This sample query is from the Lambda Configuration: My Company v. Others (Categorical) panel of GI CloudTrail DevOps - 05. Configuration Benchmarks dashboard.

// id=@config_lambda_categorical_values
_sourceCategory=Labs/AWS/CloudTrailDevOps/Analytics
(AwsApiCall lambda !errorCode)
and (Runtime or Mode)
| parse "\"awsRegion\":\"*\"" as awsRegion
| parse "\"eventSource\":\"*\"" as eventSource
| parse "\"eventName\":\"*\"" as eventName
| parse "\"eventType\":\"*\"" as eventType
| parse "\"recipientAccountId\":\"*\"" as recipientAccountId
| parse field=eventSource "*.amazonaws.com" as resourceType
| parse "\"functionName\":\"*\"" as functionName nodrop
// Filter specific to this analysis
| where eventType = "AwsApiCall" and resourceType = "lambda"
// Categorical configuration - Lambda
| parse "\"mode\":\"*\"" as mode nodrop
| parse "\"runtime\":\"*\"" as runtime nodrop
// Now we need to inverse transpose the rows into different rows
| if(!isBlank(mode), mode, "Not-Available") as mode
| if(!isBlank(runtime), runtime, "Not-Available") as runtime
| count_distinct(functionName) by mode, runtime, awsRegion
// Unpack the different configuration options into their own benchmarkname rows
| concat("resourceType=lambda_tracingConfig=", mode, "_awsRegion=", awsRegion, ",", "resourceType=lambda_runtime=", runtime, "_awsRegion=", awsRegion) as benchmarkNames
| parse regex field=benchmarkNames "(?<benchmarkname>[^,]+)" multi
| where !(benchmarkname matches "*Not-Available*")
| fields benchmarkname, _count_distinct
| sum(_count_distinct) by benchmarkname
| _sum as _count_distinct
| parse field=benchmarkname "resourceType=lambda_*=*_awsRegion=*" as denomGroup, _, awsRegion
| concat(denomGroup, "_", awsRegion) as denomGroup
// Use join to do parallel calculations:
// t1: per-event type (denomGroup) denominators
// t2: per-event value (numerator) counts
| join
(sum(_count_distinct) as denom by denomGroup) as t1,
(sum(_count_distinct) as val by denomGroup, benchmarkName) as t2
on t1.denomGroup = t2.denomGroup
// Unpack the results and compute the desired percentages
| t2_val as val
| t2_benchmarkname as benchmarkname
| t1_denom as denom
| concat(round(toDouble(val) / denom * 10000) / 100, "%") as my_company_percentage
| infer _category=cloudtraildevops _model=benchmark benchmarktype=categorical
| concat(round(percentage * 10000) / 100, "%") as benchmark_percentage
| parse field=benchmarkname "resourceType=*_*=*_awsRegion=*" as _, configProperty, value, awsRegion
| fields awsRegion, configProperty, value, my_company_percentage, benchmark_percentage
| sort +awsRegion, +configProperty, +value

Collecting logs for the Global Intelligence for AWS CloudTrail DevOps App

If you already have AWS CloudTrail logs flowing into Sumo Logic, you can skip the steps in this section and go to Installing the App.

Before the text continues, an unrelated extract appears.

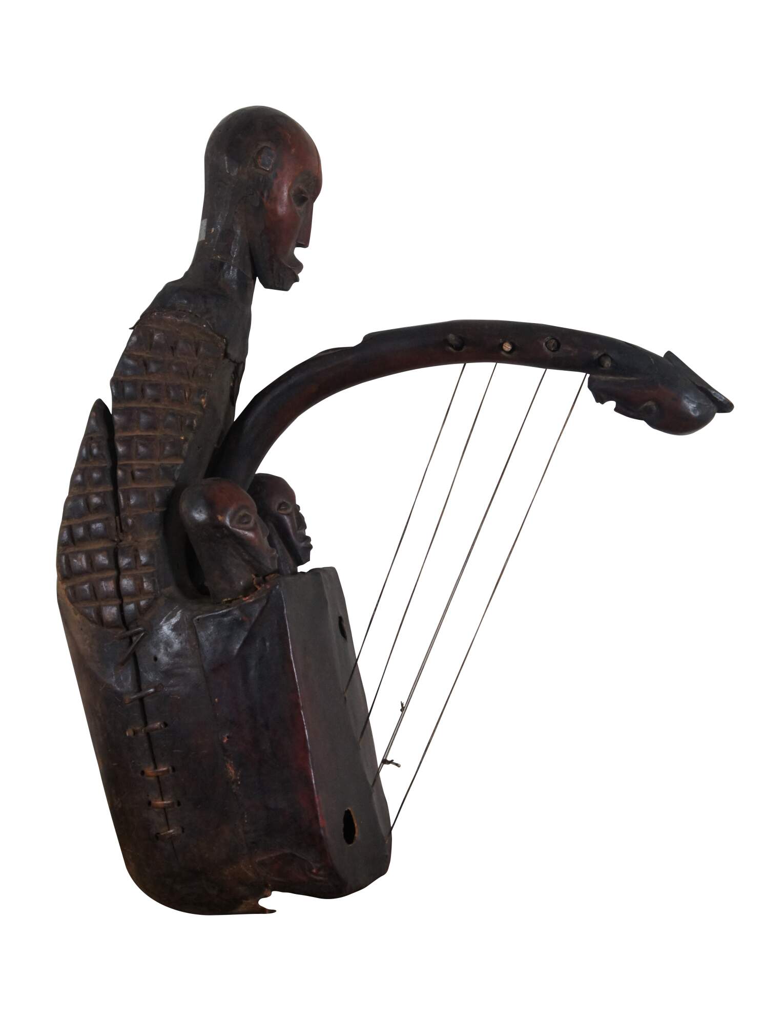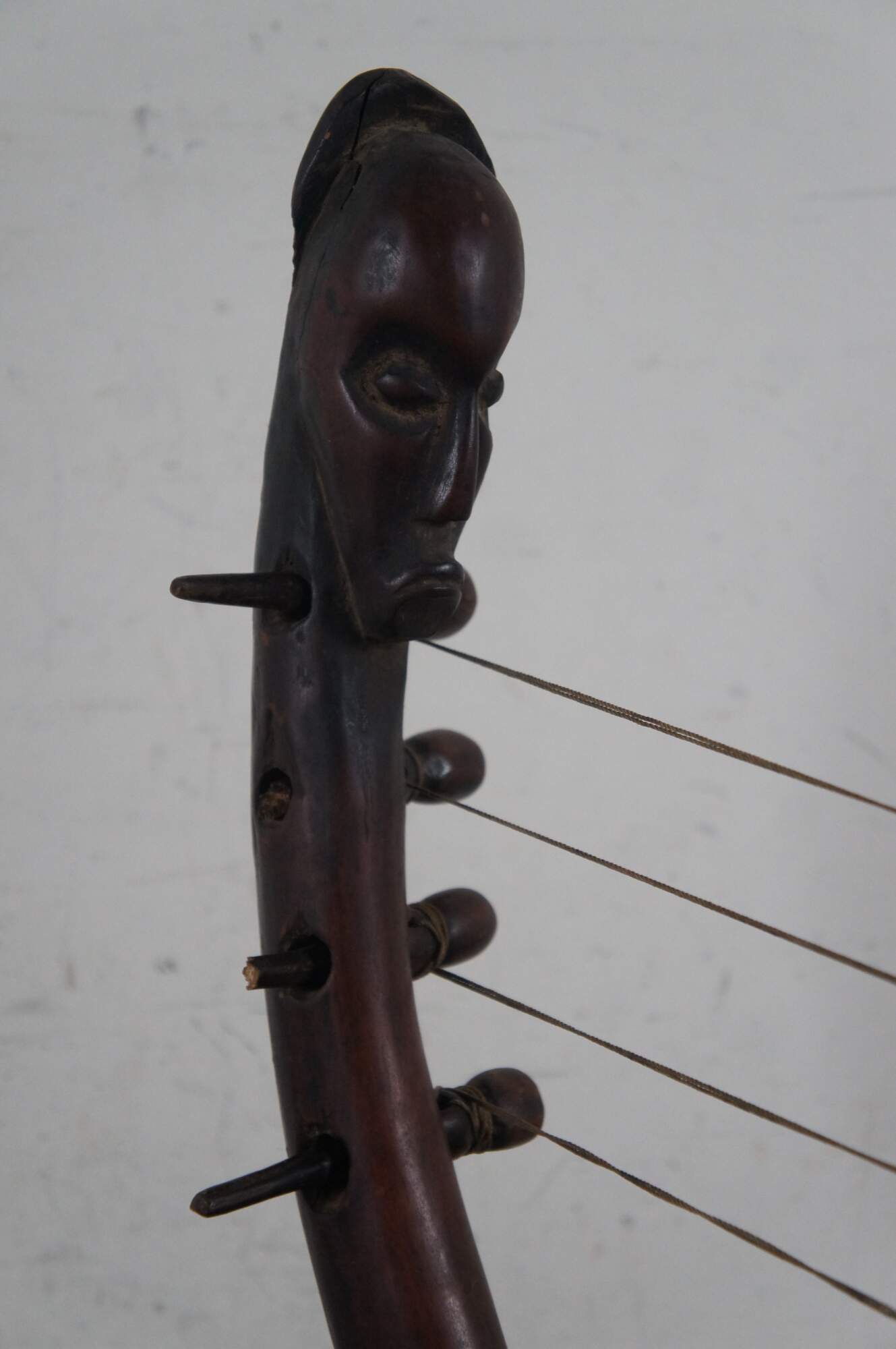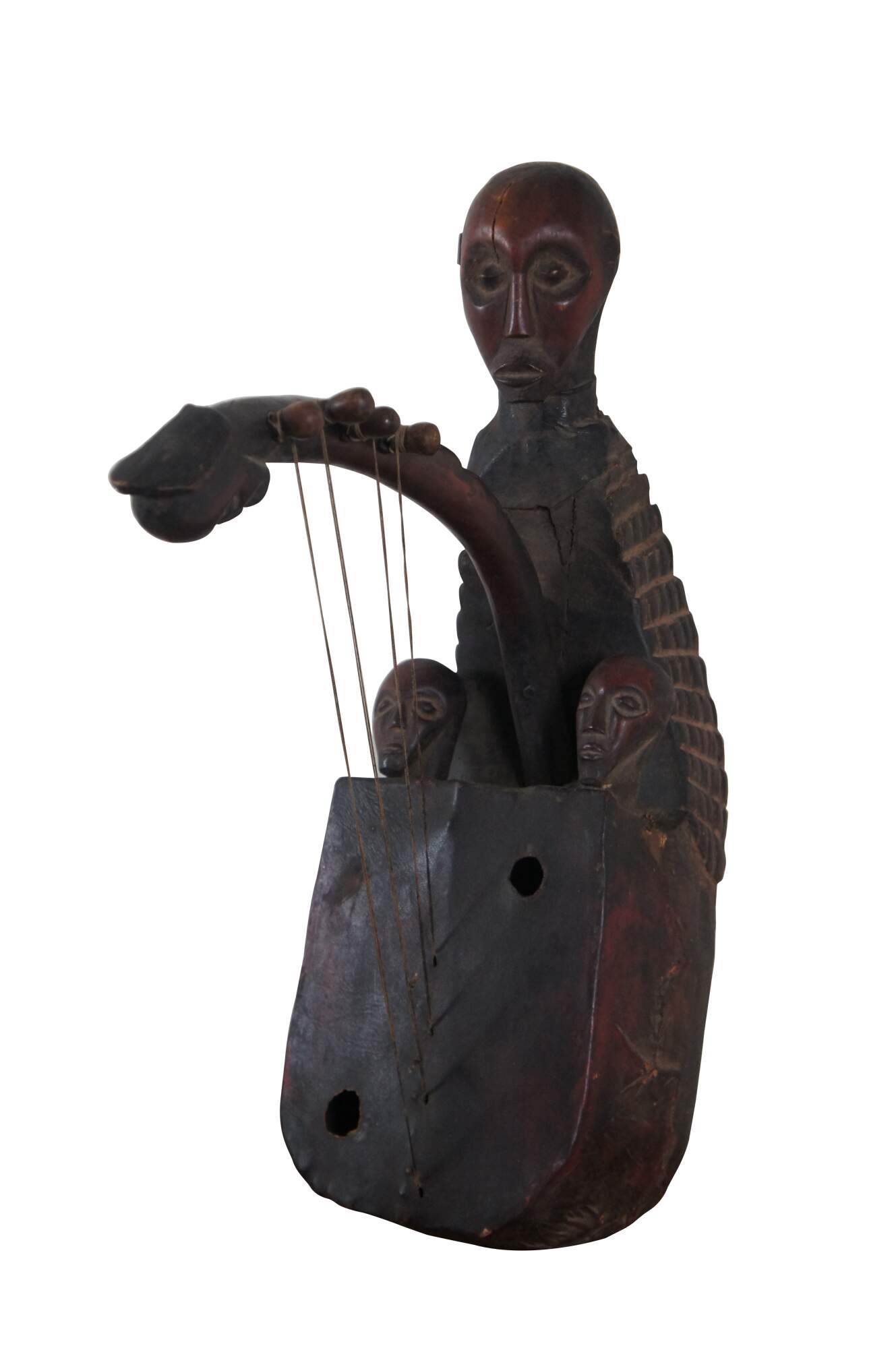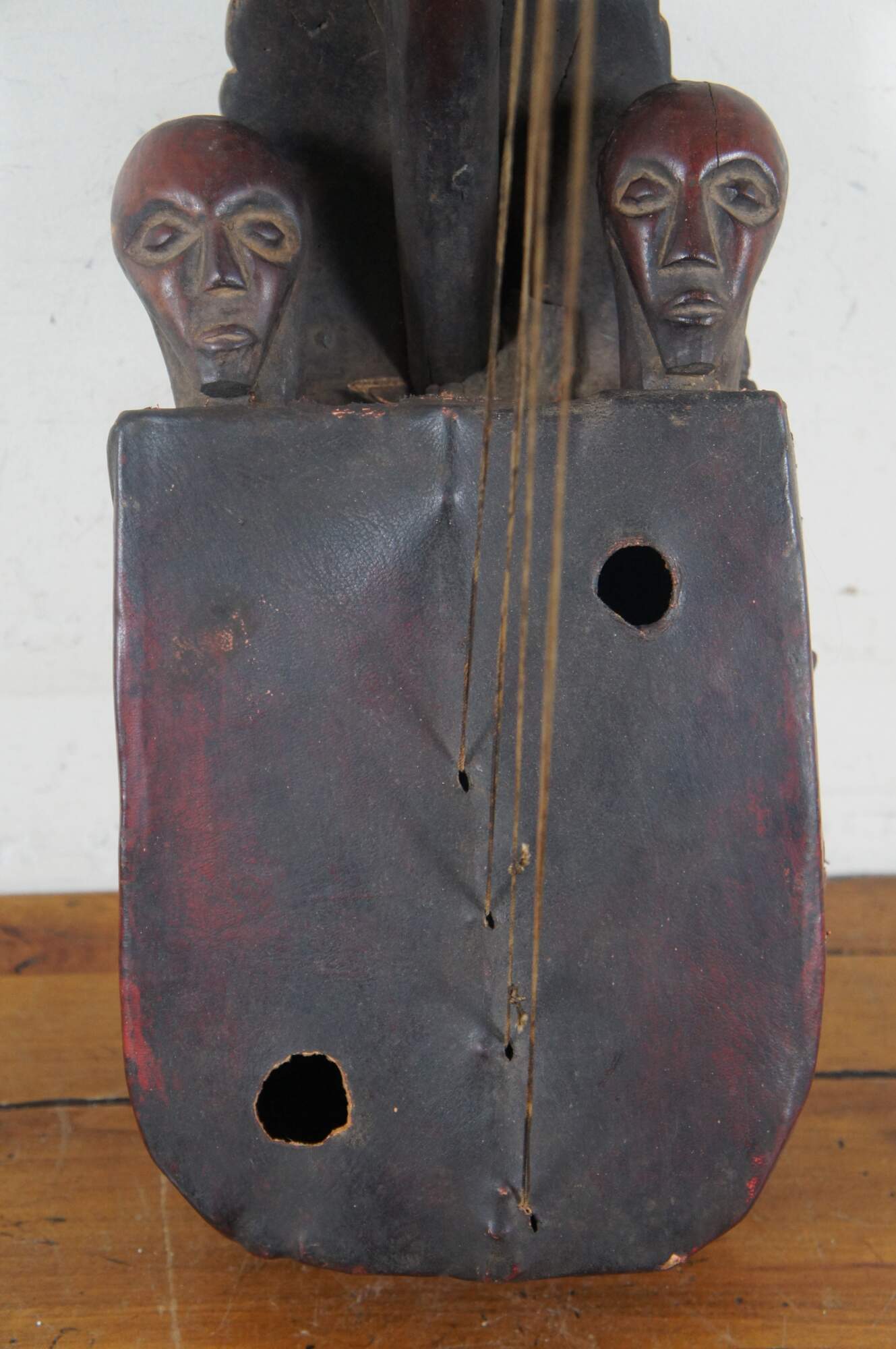 Rare vintage museum quality African Mangbetu fertility harp / domu, an African stringed instrument of the Mangbetu poeple, featuring a round wooden body, stretched red leather head with two sounding holes and four strings on pegs. Hand carved, in the shape of a wooden figure wearing a textured cloak or robe, flanked by two carved heads at the base of the instruments neck, which terminates in a fourth human face. Mauwotu.

With this graphic, you can see how to collect logs from AWS CloudTrail DevOps and send them to Sumo Logic.

Prerequisites

Before you begin, you must configure AWS CloudTrail logging to an S3 bucket.

Configure CloudTrail in your AWS account.
Enable logging using the AWS Management Console.
Confirm that logs are being delivered to the S3 bucket.
Grant Access to an Amazon S3 Bucket.

Configuring Log Collection for AWS Global Intelligence CloudTrail DevOps

To configure log collection for Global Intelligence for AWS CloudTrail, follow the steps described here.

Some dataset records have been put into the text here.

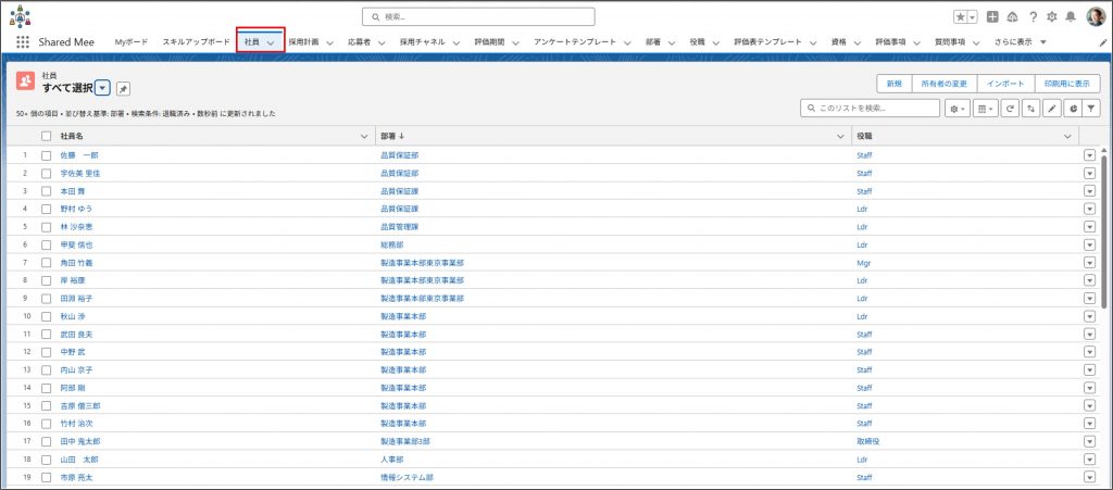 ②Shared Meeの「社員」タブから社員名をクリックします。
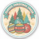 Celebrate the season with timeless charm in this vintage-inspired Christmas design. Set within a circular frame, a warm cream radial burst background with golden starbursts creates a nostalgic holiday glow. Stylized evergreen trees in festive shades of green, red, and yellow are dusted with snowy white dots, while the foreground features colorful retro Christmas ornaments in teal, red, yellow, and blue, each adorned with classic patterns. A teal polka-dot banner across the top reads “CLASSIC CHRISTMAS CHEER,” and a lightly distressed texture completes the old-fashioned look. Perfect for anyone who loves retro style and traditional holiday warmth.
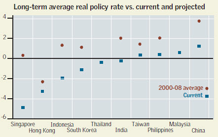 India, Malaysia and Thailand began to raise interest rates from the middle of last year. China raised the base rate last October and has raised rates three times since, most recently a 25 basis-point hike on April 6, while also hiking the reserve requirement ratio for banks four times this year to a record 20.5%.
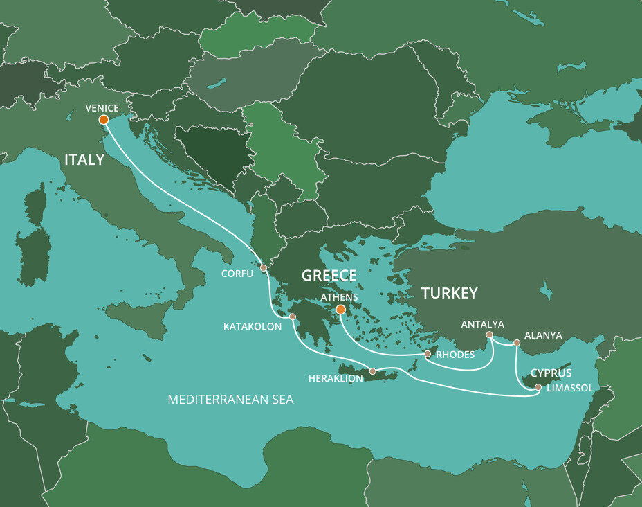 The vibrant city of Limassol is located on Akrotiri Bay in the shadow of the Troodos mountains. Its the jumping off point to explore the ancient riches of Cyprus. See ruins, majestic mountains and scenery, stunning beaches, and vast groves of lemons, oranges and olives. Ships will dock at the cruise terminal.
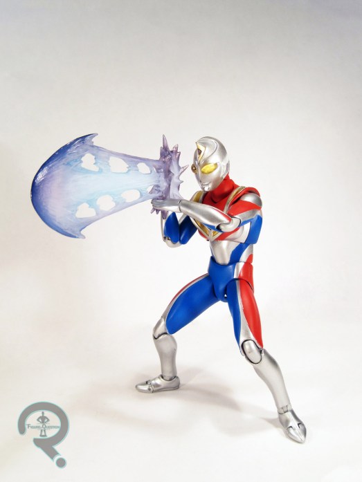 energy ball, and a hand with a beam. Like with the other two, the color timer’s a nice addition, but I don’t have much use for it. The extra head is nice in theory, but iffy in execution, as light piping seems to always be. The alternate shoulder piece is similar to Taro’s, allowing the shoulder to go into deeper poses, but Dyna’s is folded on both sides to allow both shoulders to move. The hands are similar to the ones with the others, though the energy beam is more expansive, which fits a more modern Ultraman. The thumbs up is also cool, and I quite like the hand with the ball of energy. As with the others, the hands really add a lot to the figure.
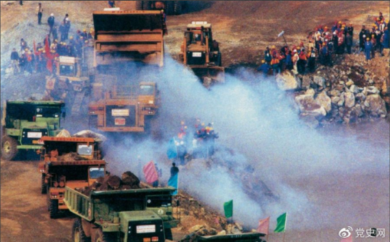 1997年11月18日,长江三峡水利枢纽工程成功实现大江截流。这是400多辆巨型装载车紧张有序地向上游围堰口抛投石料。
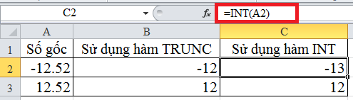 Khi đó kết quả trả về sẽ là -13. Tuy nhiên hàm INT(A2) cho kết quả tương đương với hàm TRUNC(A2) nhưng nếu A2 là một số âm thì kết quả sẽ khác nhau:
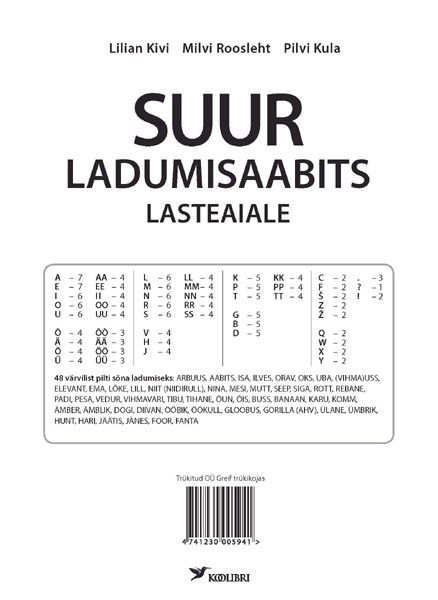Suur ladumisaabits lasteaiale koosneb kahest osast: 1) 48 eseme või tegevuse pilti, mille järgi saab öelda ja (meeles pidada) ühe sõna, koostada selle sõnaga lause jms; 2) värvilised (punased, sinised ja rohelised) ühe ja kahe tähe kaardid. Pildid on valitud selliselt, et nende toel oleks võimalik vaadelda-analüüsida kõiki olulisi sõnatüüpe. Need toetavad ka P. Kula töövihikut „Valmistume kooliks”.
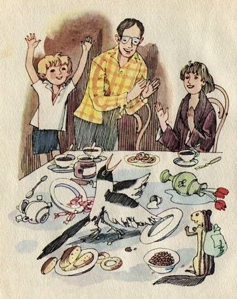 Когда через некоторое время мама с обычной приветливостью позвала всех ужинать, Бориска с папой сели за стол, а Бук и Сорока не шевельнулись.

Installing the Global Intelligence for AWS CloudTrail DevOps App

To install the app:

Select App Catalog.
In the 🔎 Search Apps field, run a search for your desired app, then select it.
Click Install App.
note
Sometimes this button says Add Integration.
On the next configuration page, under Select Data Source for your App, complete the following fields:
- Data Source. Select one of the following options:
  - Choose Source Category and select a source category from the list; or
  - Choose Enter a Custom Data Filter, and enter a custom source category beginning with an underscore. For example, _sourceCategory=MyCategory.
- Folder Name. You can retain the existing name or enter a custom name of your choice for the app.
- All Folders (optional). The default location is the Personal folder in your Library. If desired, you can choose a different location and/or click New Folder to add it to a new folder.
Click Next.
Look for the dialog confirming that your app was installed successfully.

Post-installation

Once your app is installed, it will appear in your Personal folder or the folder that you specified. From here, you can share it with other users in your organization. Dashboard panels will automatically start to fill with data matching the time range query received since you created the panel. Results won't be available immediately, but within about 20 minutes, you'll see completed graphs and maps.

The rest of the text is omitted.